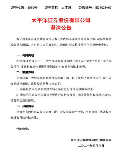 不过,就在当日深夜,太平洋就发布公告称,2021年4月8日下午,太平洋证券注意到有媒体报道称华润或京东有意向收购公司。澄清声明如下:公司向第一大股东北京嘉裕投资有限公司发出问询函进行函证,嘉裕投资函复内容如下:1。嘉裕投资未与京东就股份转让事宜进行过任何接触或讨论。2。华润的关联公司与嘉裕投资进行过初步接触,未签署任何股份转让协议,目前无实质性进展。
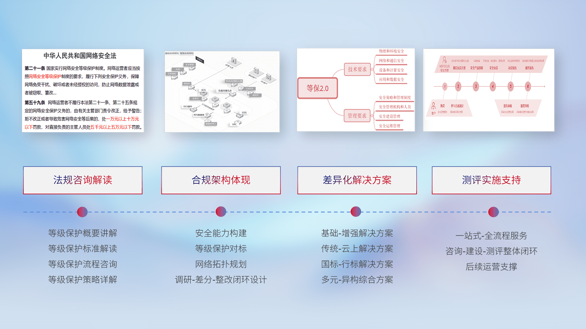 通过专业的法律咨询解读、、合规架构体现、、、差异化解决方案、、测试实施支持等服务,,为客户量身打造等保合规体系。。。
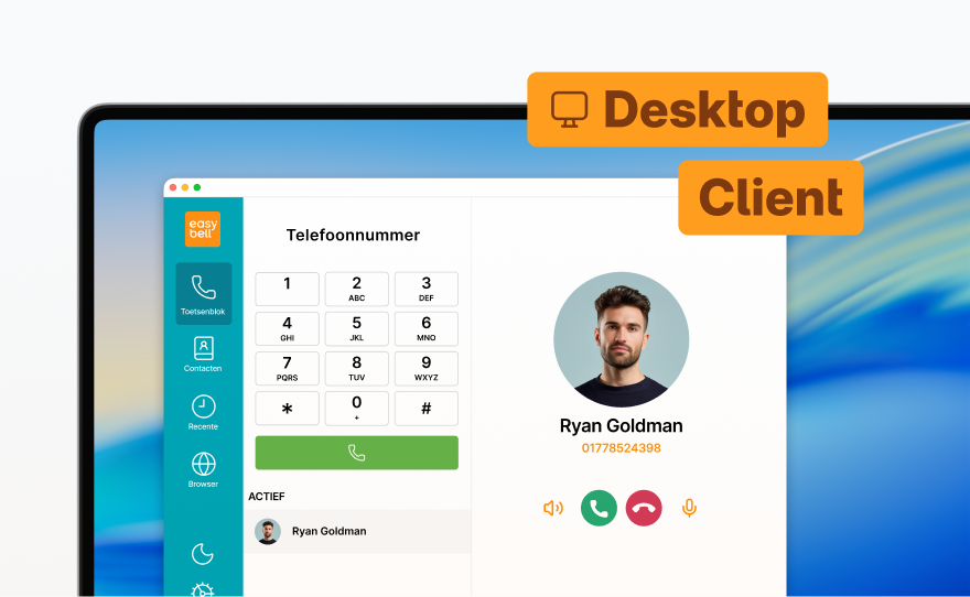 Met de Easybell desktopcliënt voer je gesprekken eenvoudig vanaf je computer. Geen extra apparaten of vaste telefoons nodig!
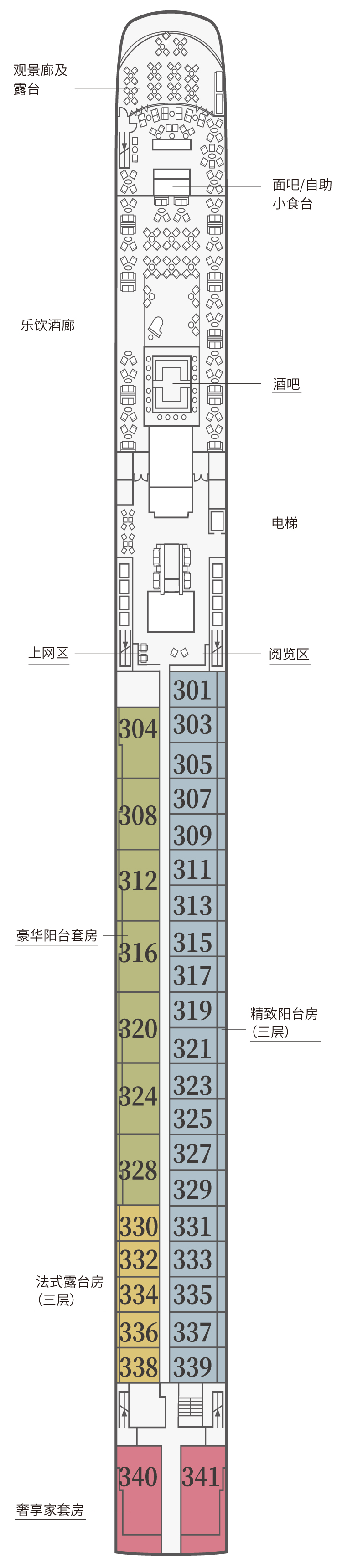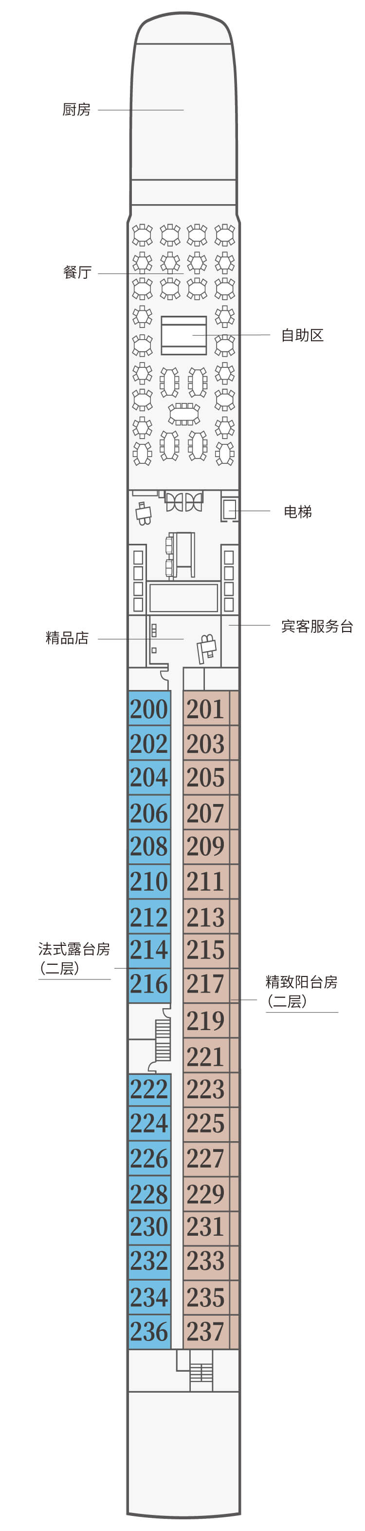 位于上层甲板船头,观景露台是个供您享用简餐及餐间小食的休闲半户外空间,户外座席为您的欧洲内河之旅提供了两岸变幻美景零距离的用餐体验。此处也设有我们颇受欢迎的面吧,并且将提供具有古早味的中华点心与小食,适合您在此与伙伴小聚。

^^^^

Exercise goal: Without the pictures, give every line of the data again, exactly as written.

Exercise result:
 不过,就在当日深夜,太平洋就发布公告称,2021年4月8日下午,太平洋证券注意到有媒体报道称华润或京东有意向收购公司。澄清声明如下:公司向第一大股东北京嘉裕投资有限公司发出问询函进行函证,嘉裕投资函复内容如下:1。嘉裕投资未与京东就股份转让事宜进行过任何接触或讨论。2。华润的关联公司与嘉裕投资进行过初步接触,未签署任何股份转让协议,目前无实质性进展。
 通过专业的法律咨询解读、、合规架构体现、、、差异化解决方案、、测试实施支持等服务,,为客户量身打造等保合规体系。。。
 Met de Easybell desktopcliënt voer je gesprekken eenvoudig vanaf je computer. Geen extra apparaten of vaste telefoons nodig!
 位于上层甲板船头,观景露台是个供您享用简餐及餐间小食的休闲半户外空间,户外座席为您的欧洲内河之旅提供了两岸变幻美景零距离的用餐体验。此处也设有我们颇受欢迎的面吧,并且将提供具有古早味的中华点心与小食,适合您在此与伙伴小聚。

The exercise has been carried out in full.